Some of them will be passed into the PyTorch estimator in the hyperparameters argument. Let’s setup the dictionary for that:

hyperparameters={
    'max_seq_length': max_seq_length,
    'freeze_bert_layer': freeze_bert_layer,
    'epochs': epochs,
    'learning_rate': learning_rate,
    'train_batch_size': train_batch_size,
    'train_steps_per_epoch': train_steps_per_epoch,
    'validation_batch_size': validation_batch_size,
    'validation_steps_per_epoch': validation_steps_per_epoch,    
    'seed': seed,
    'run_validation': run_validation
}

4.3 Setup evaluation metrics

We will choose loss and accuracy as the evaluation metrics. The regular expressions Regex will capture the values of metrics that the algorithm will emit.

metric_definitions = [
     {'Name': 'validation:loss', 'Regex': 'val_loss: ([0-9.]+)'},
     {'Name': 'validation:accuracy', 'Regex': 'val_acc: ([0-9.]+)'},
]

For example, these sample log lines…

[step: 100] val_loss: 0.76 - val_acc: 70.92%

…will produce the following metrics in CloudWatch:

validation:loss = 0.76

validation:accuracy = 70.92

4.4 Setup Debugger and Profiler

Amazon SageMaker Debugger can be used to profile machine learning models, helping to identify and fix training issues caused by hardware resource usage. Setting some parameters in the SageMaker estimator, without any change to the training code, can enable the collection of infrastructure and model metrics such as: CPU and GPU, RAM and GPU RAM, data loading time, time spent in ML operators running on CPU and GPU, distributed training metrics and many more.

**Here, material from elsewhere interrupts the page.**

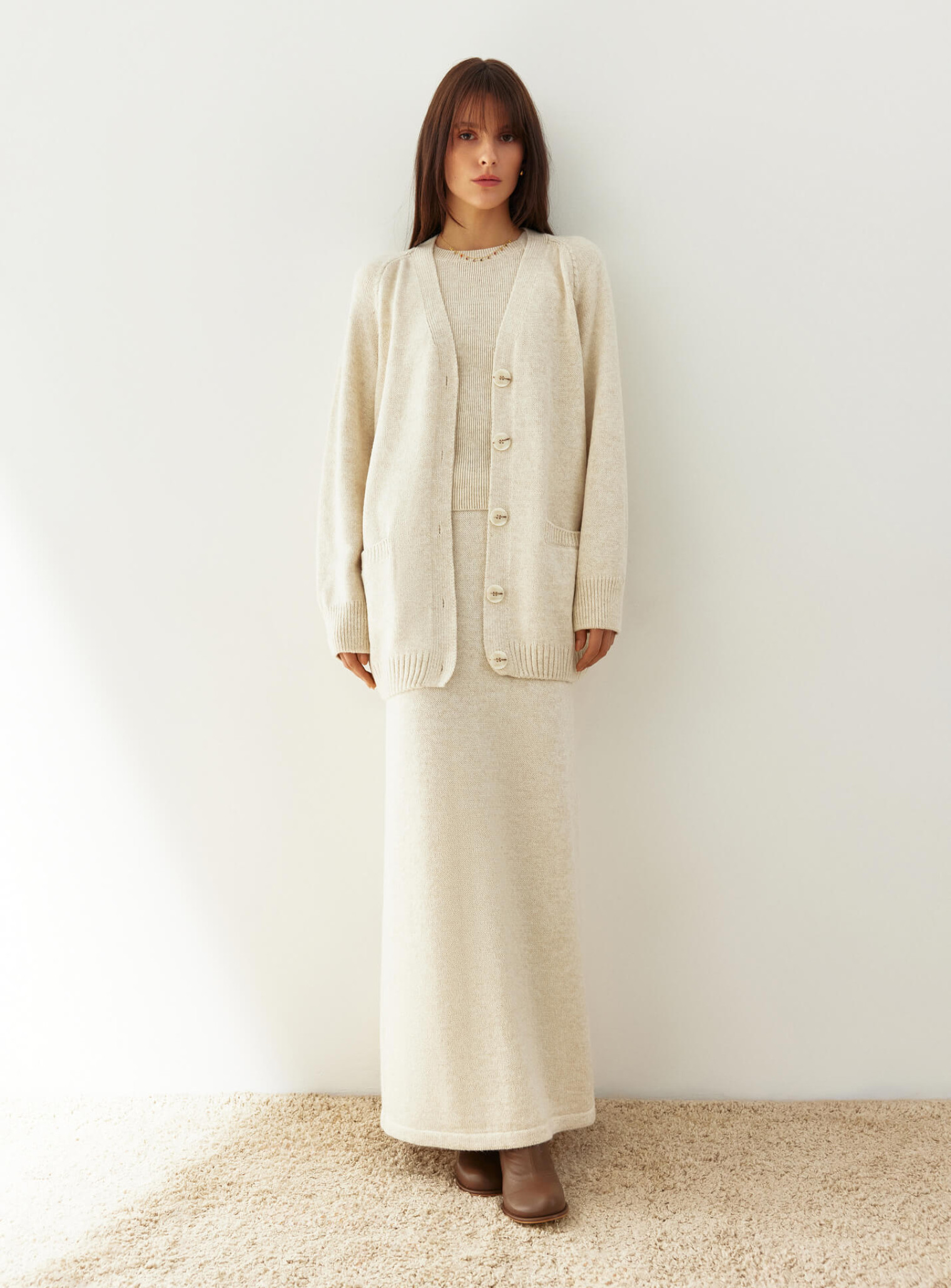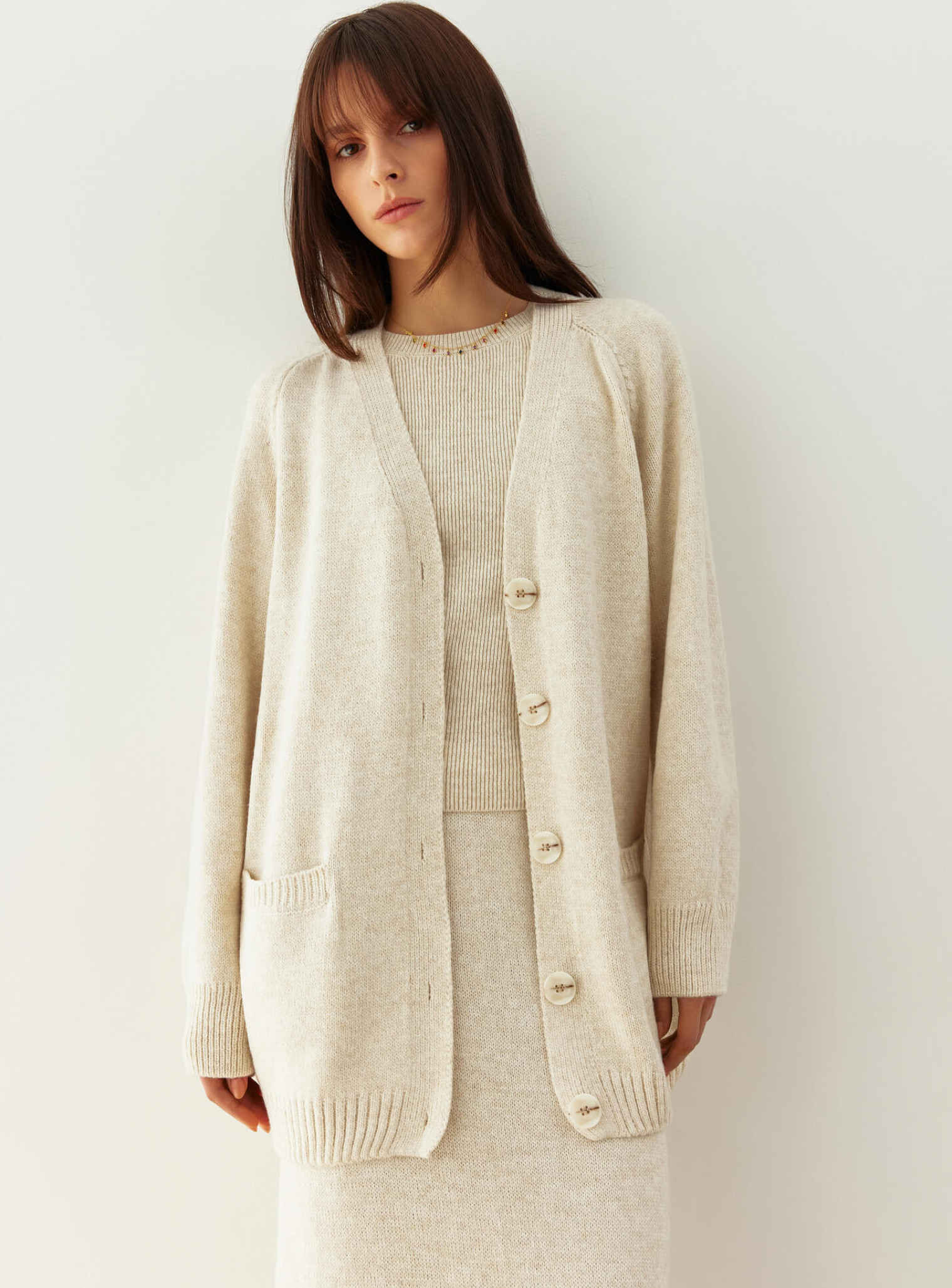 Удлиненный кардиган прямого кроя Нидея светло бежевый

In addition, we can visualize how much time is spent in different phases, such as preprocessing, training loop, and postprocessing. If needed, you can drill down on each training epoch, and even on each function in your training script.

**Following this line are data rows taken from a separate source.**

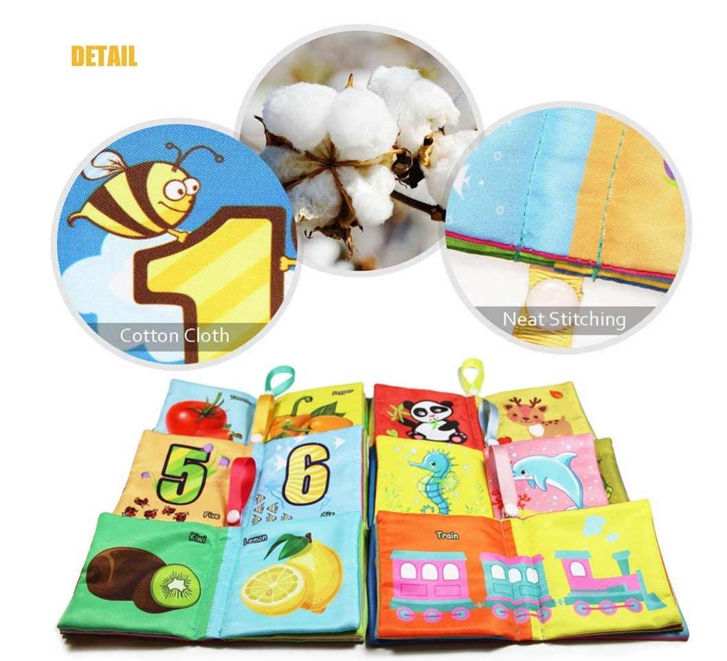 The cloth book has attractive and interesting features on every page. The bright colors and pictures will hold your baby’s attention.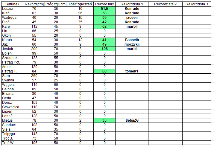Wybrałem się w niedzielę na przepływankę, nad Odrę. Niestety tego dnia rzeka mnie pokonała. Wybrałem odcinek ze zbyt szybko płynącą wodą i miałem tego dnia za lekki zestaw. Kleń był do tej pory największą rybą jaką złowiłem na bolonkę 6m. Na tak długą wędką taka ryba to zupełnie inne doznanie. Łowiłem na makaron. Na pinkę i pęczak złowiłem jeszcze parę uklejek. Podmieniam 42 na 45cm. 1. Konrado 58; 55,5; 55; 54,5; 51; 50; 49; 49; 47; 47 2. suchi 41,5; 47,5 3. jaceen 50, 48 4. moczykij 45,5; 44; 46; 41; 46,5; 48, 52; 39, 40; 44 5. Marienty 44; 45; 44.5 6. SebaZG 30; 41,5; 30; 32 7. Tymon 54 8. jamnick85 49; 38,5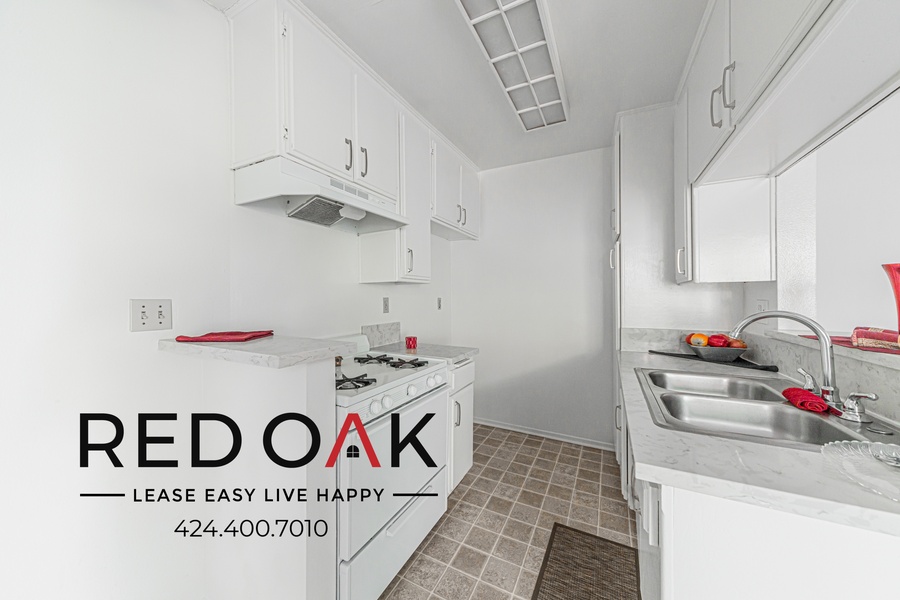• Full Kitchen: Range, refrigerator, and ample cabinet space.

You can define Debugger Rules as are described here: https://docs.aws.amazon.com/sagemaker/latest/dg/debugger-built-in-rules.html

from sagemaker.debugger import Rule, ProfilerRule, rule_configs
from sagemaker.debugger import DebuggerHookConfig
from sagemaker.debugger import ProfilerConfig, FrameworkProfile

DebuggerHookConfig provides options to customize how debugging information is emitted and saved. s3_output_path argument value defines the location in Amazon S3 to store the output.

debugger_hook_config = DebuggerHookConfig(
    s3_output_path='s3://{}'.format(bucket),
)

ProfilerConfig sets the configuration for collecting system and framework metrics of SageMaker Training Jobs. Parameter system_monitor_interval_millis sets the time interval to collect system metrics (in milliseconds). Parameter framework_profile_params is the object for framework metrics profiling. Here we will set its local path, the step at which to start profiling, start_step, and the number of steps to profile, num_steps.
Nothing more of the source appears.